I'm hauling around a JD3020 narrow front for odd seeding jobs. I'm looking for a clean looking and easy way to add a place to tie in the front. Does anyone have thoughts or pictures?
I was thinking of the weld on hooks and a plate using the existing side frame holes.


----------



## Farmerbrown2 (Sep 25, 2018)

I would think a peice of flat stock with a D-ring on each side would work great bolted to side rails.


----------



## Tim/South (Dec 12, 2011)

I looked at some pictures of the 3020 row crop tractors to see how the front was set up.

On out old JD 60 we used the two studs in the front and made a "handle" to hook a chain through to pull it out when we got stuck. I was thinking that might work.

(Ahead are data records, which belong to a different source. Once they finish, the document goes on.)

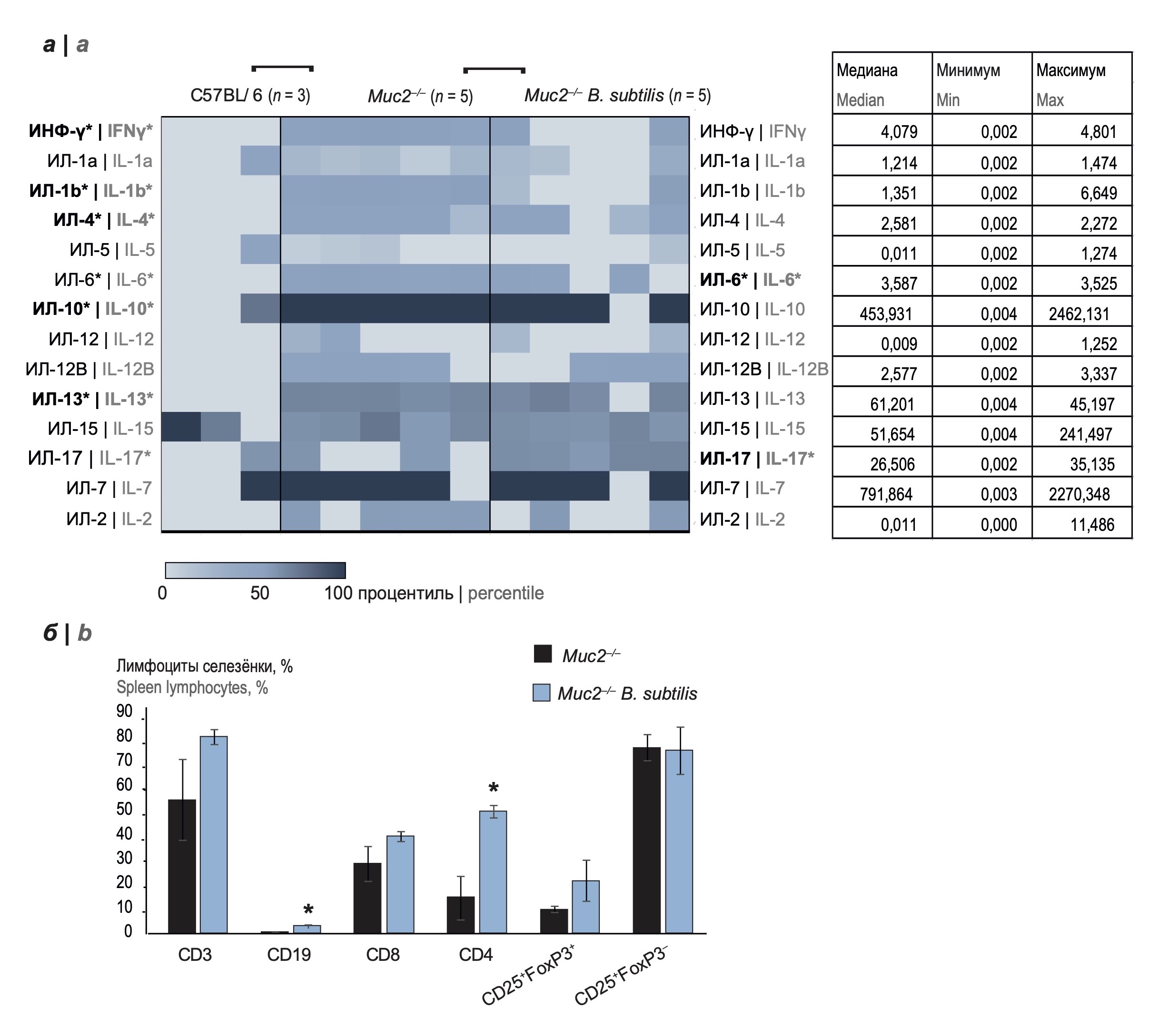 В результате добавления в корм спор B. subtilis BS20 у Muc2–/– отмечено достоверно значимое увеличение доли B-клеток (CD45+CD19+) и Т-хелперов (CD45+CD3+CD4+); р < 0,05 (рис. 2, б). Статистически значимых различий в количестве других лимфоцитов: Т-клетки (СD45+CD3+), T-киллеры (СD45+CD3+CD8+), регуляторные (СD45+CD3+CD4+CD25+FoxP3+) и эффекторные (СD45+CD3+CD4+CD25+FoxP3–) Т-клетки после кормления спорами бактерий не выявлено.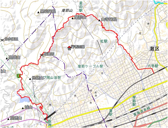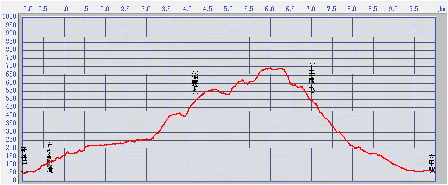 道程:[1] 新神戸駅→[2] 布引の滝→[3] 桜茶屋→[4] 掬星台→[5] 山寺尾根→[6] 護国神社→[7] ふじ温泉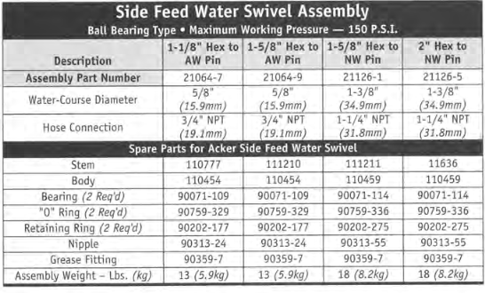 For use with drill rigs not having hollow spindles. Adapts direct to rotary stem or kelly. Water is fed into side part and down through drill rods. Used with auger drills for either high or low speed application, coring fish tailing, or small roller rock bits. Advise spindle connection, inlet port and rod size desired. Working pressure 150 PSI MAX. Ball Bearing type with 3/4" and 1-1/4" inlet ports.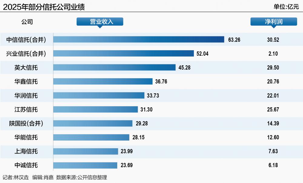 2025年,信托行业呈现营收净利双增但内部分化加剧的格局。
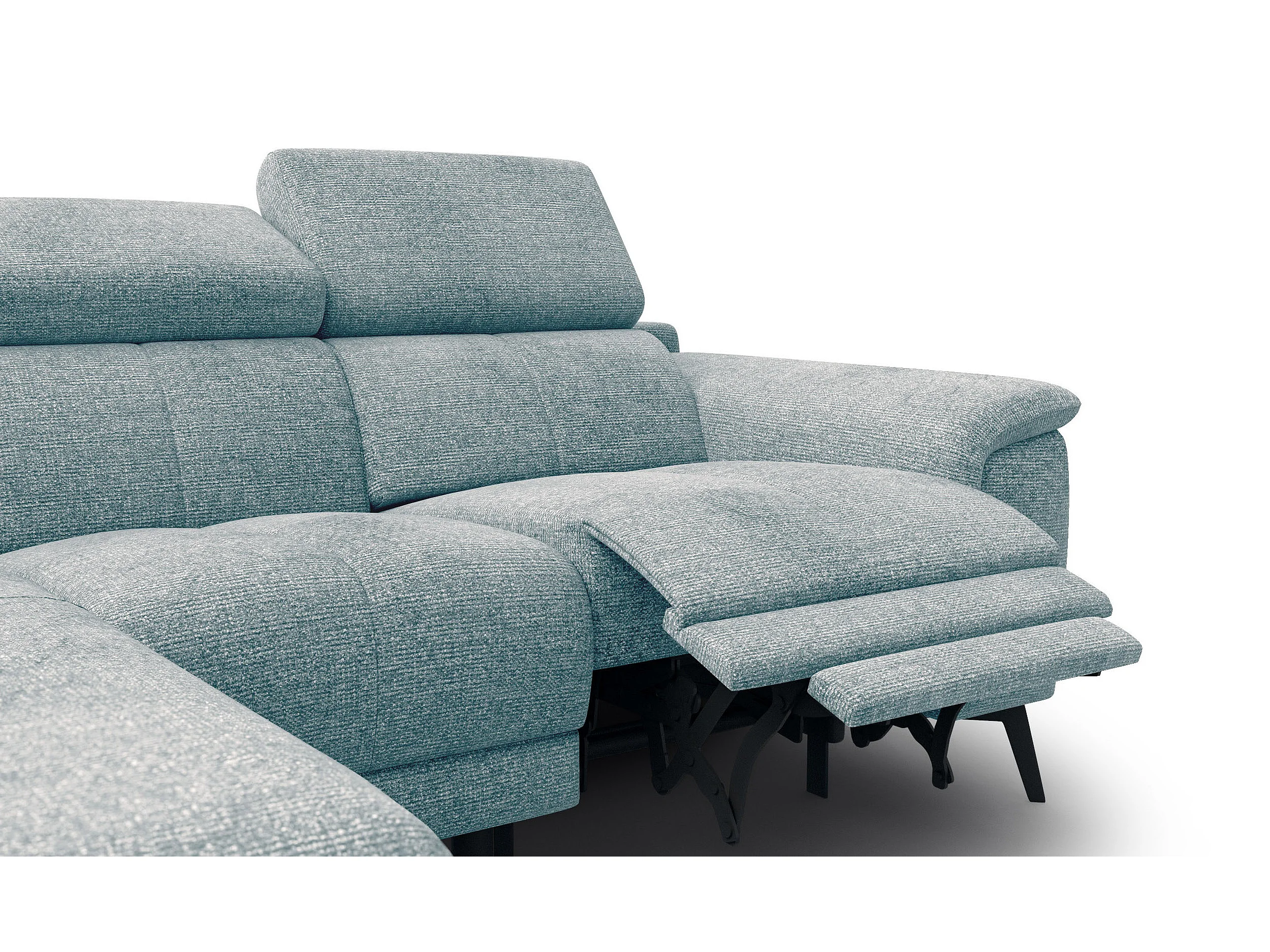 FIERO Ecksofa 3-Sitzer links mit 1 Relaxfunktion und verstellbare Kopfstützen, mint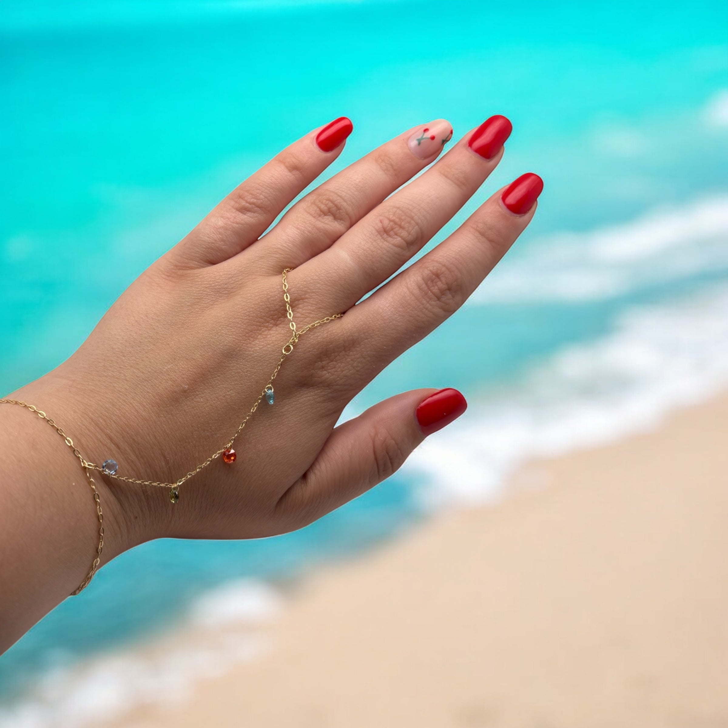 Il Baciamano Rainbow è un gioiello in Argento 925 placcato con Oro 24K, impreziosito da pietre colorate. Realizzato a mano in Italia, è anallergico, privo di nichel e resistente all’acqua. Ideale per chi cerca sicurezza e comfort sulla pelle, mantiene la sua brillantezza senza annerirsi né causare irritazioni.

I do remember the few times when we hauled it, we used the cultivator slots on each side of the frame to tie it down. We had to chain from each side because my dad did not trust the narrow front end about tilting.


----------



## broadriverhay (Jun 13, 2014)

The side rails are not cast like the front. I would use the side rails since they would not be susceptible to cracking.


----------



## 8350HiTech (Jul 26, 2013)

Does it have weights or a bracket? If not maybe you could make something that looks like that but has a hole for your chain.


----------



## endrow (Dec 15, 2011)

For the front tires how about a pair of those straps that go around tires like car haulers . use .Then in the back x 2 chains . I like to tie low . Here the law is 4 point tie down . Those guys who just lay a chain strait across something on the tractor snap a binder and go wont make it threw this one horse town . Also on NF I have seen front wheels turned slightly and double hitch around front spindle , you would probably need a ratchet binder here


----------



## Farmineer95 (Aug 11, 2014)

Have weights in the front and a little apprehensive about attatching to the weight plates. Has the vee shaped weights not suitcase.
I wonder about a big eye bolt and weld it shut.


----------